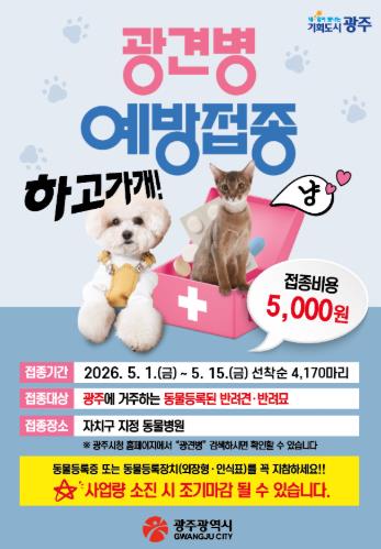 배귀숙 농업동물정책과장은 “소중한 반려동물의 건강과 시민 안전을 위해 광견병 예방접종에 적극 참여해주기를 바란다”며 “앞으로도 사람과 동물이 안전하게 공존할 수 있는 환경 조성에 최선을 다하겠다”고 말했다.
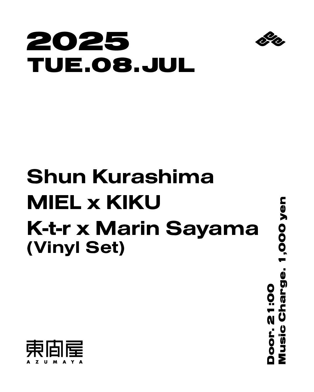 2025.07 08 JUL Azumaya -Tuesday- HOUSE TECHNO 0 Shares Facebook Twitter google Line DATE: 2025-07-08 TUE OPEN: 21:00 VENUE: PRICE: Music Charge 1,000yen LINE UP: Shun Kurashima MIEL x KIKU K-t-r x Marin Sayama (Vinyl Set)
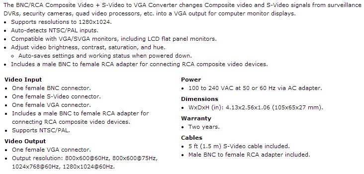 converter, BNC composite & S-Video converter

────────────────────

**Work order**:
Please retype the material in full, exactly as it reads, apart from the images.

**Result for this exercise**:
 배귀숙 농업동물정책과장은 “소중한 반려동물의 건강과 시민 안전을 위해 광견병 예방접종에 적극 참여해주기를 바란다”며 “앞으로도 사람과 동물이 안전하게 공존할 수 있는 환경 조성에 최선을 다하겠다”고 말했다.
 2025.07 08 JUL Azumaya -Tuesday- HOUSE TECHNO 0 Shares Facebook Twitter google Line DATE: 2025-07-08 TUE OPEN: 21:00 VENUE: PRICE: Music Charge 1,000yen LINE UP: Shun Kurashima MIEL x KIKU K-t-r x Marin Sayama (Vinyl Set)
 converter, BNC composite & S-Video converter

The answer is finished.